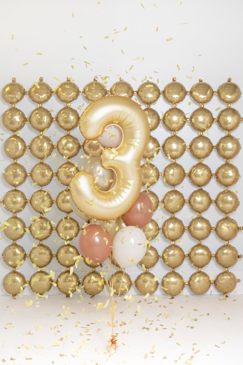 3 Jaar Cijfer Ballon Goud Satijn Folie Leeg 86cm
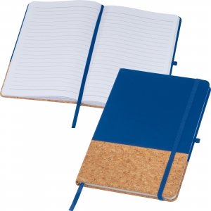 Artikel-Nr: EAG139504A5 Notizbuch mit 160 linierten Seiten und PU-Kork Cover, Lesezeichen, Kugelschreiberschlaufe und elastischem Verschlußband. Ihre Werbung drucken wir auf die Vorderseite.
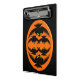 This awesome mini clipboard features an orange oval with six crows in it. Each crow has yellow eyes with black pupils and outstretched wings. The crows are flying towards each other forming an oval shape. The background is black.
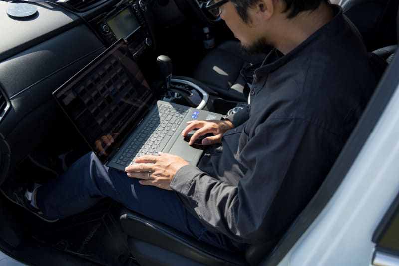 朝の撮影を終えてクルマに戻るとすぐにLG gram Pro 2in1 16を取り出し、撮ったばかりのデータを確認する。
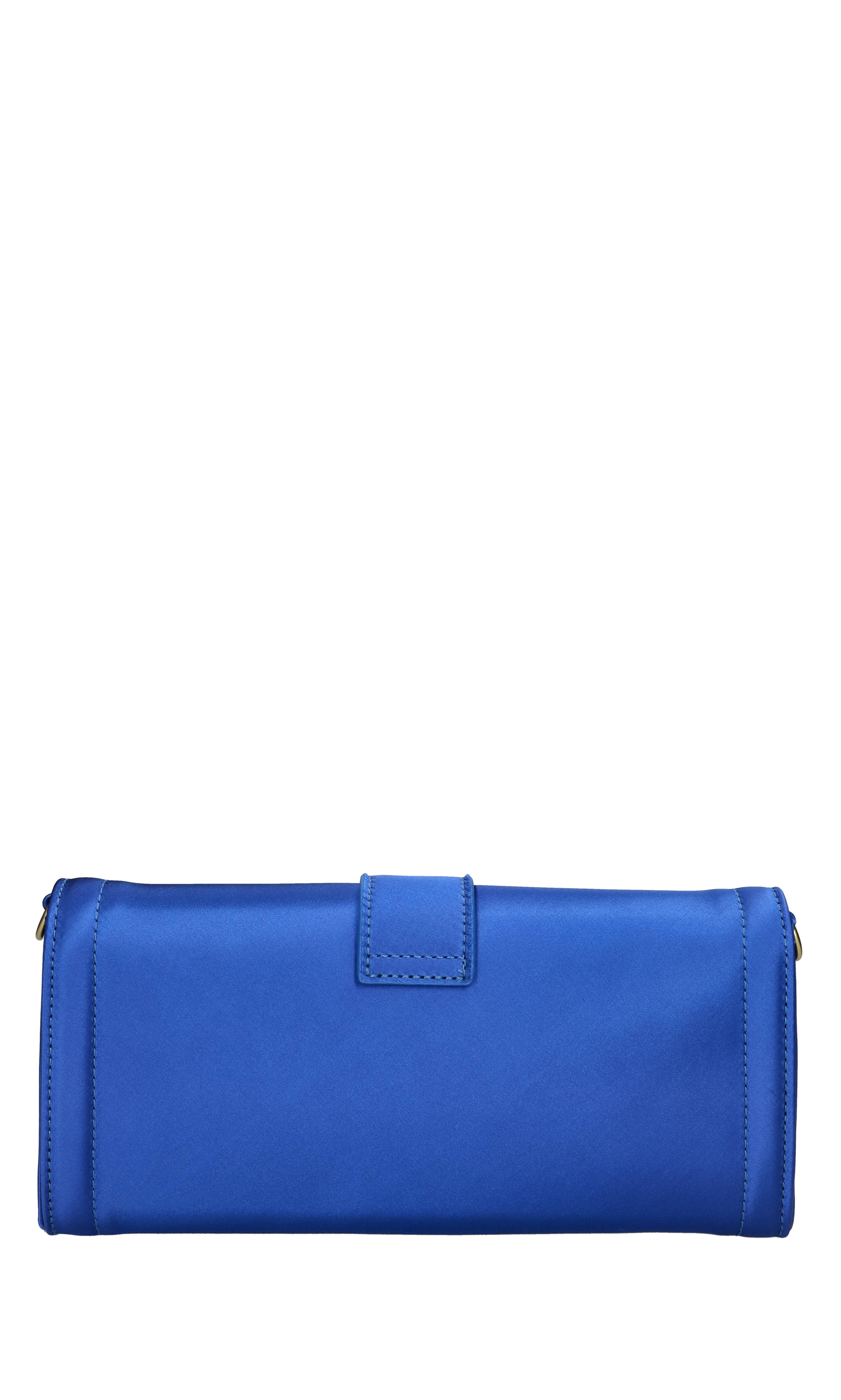 Borsa Night Ed. in raso. Decorata con strass. Un comparto. Chiusura con bottone automatico. Tracolla golden chain removibile.
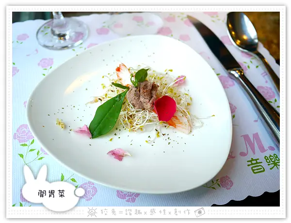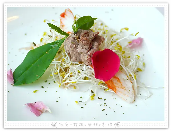 一嚐不出我所料,略帶腥味的鵝肝醬,佐以苜蓿芽和蟹味棒~~
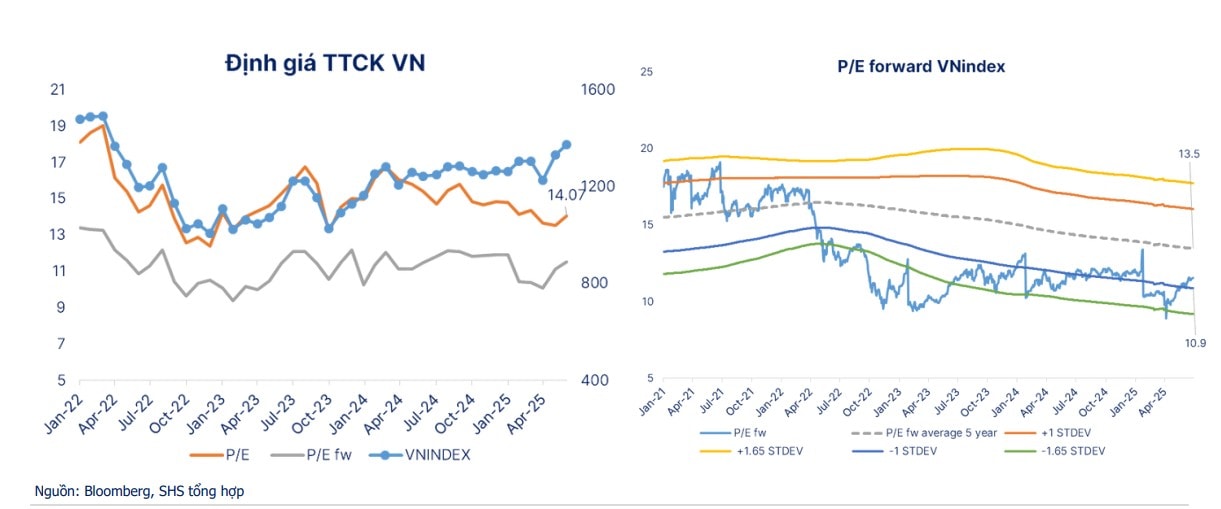 Theo SHS, đến cuối tháng 6, TTCK được xem là mức tương đối hấp dẫn nếu xét triển vọng tăng trưởng, quy mô GDP năm 2025 và 2026. Định giá P/E của

------

- [TASK ITEM] The answer must be the full listing, word for word, with no images in it.

- [WRITTEN REPLY]
 3 Jaar Cijfer Ballon Goud Satijn Folie Leeg 86cm
 Artikel-Nr: EAG139504A5 Notizbuch mit 160 linierten Seiten und PU-Kork Cover, Lesezeichen, Kugelschreiberschlaufe und elastischem Verschlußband. Ihre Werbung drucken wir auf die Vorderseite.
 This awesome mini clipboard features an orange oval with six crows in it. Each crow has yellow eyes with black pupils and outstretched wings. The crows are flying towards each other forming an oval shape. The background is black.
 朝の撮影を終えてクルマに戻るとすぐにLG gram Pro 2in1 16を取り出し、撮ったばかりのデータを確認する。
 Borsa Night Ed. in raso. Decorata con strass. Un comparto. Chiusura con bottone automatico. Tracolla golden chain removibile.
 一嚐不出我所料,略帶腥味的鵝肝醬,佐以苜蓿芽和蟹味棒~~
 Theo SHS, đến cuối tháng 6, TTCK được xem là mức tương đối hấp dẫn nếu xét triển vọng tăng trưởng, quy mô GDP năm 2025 và 2026. Định giá P/E của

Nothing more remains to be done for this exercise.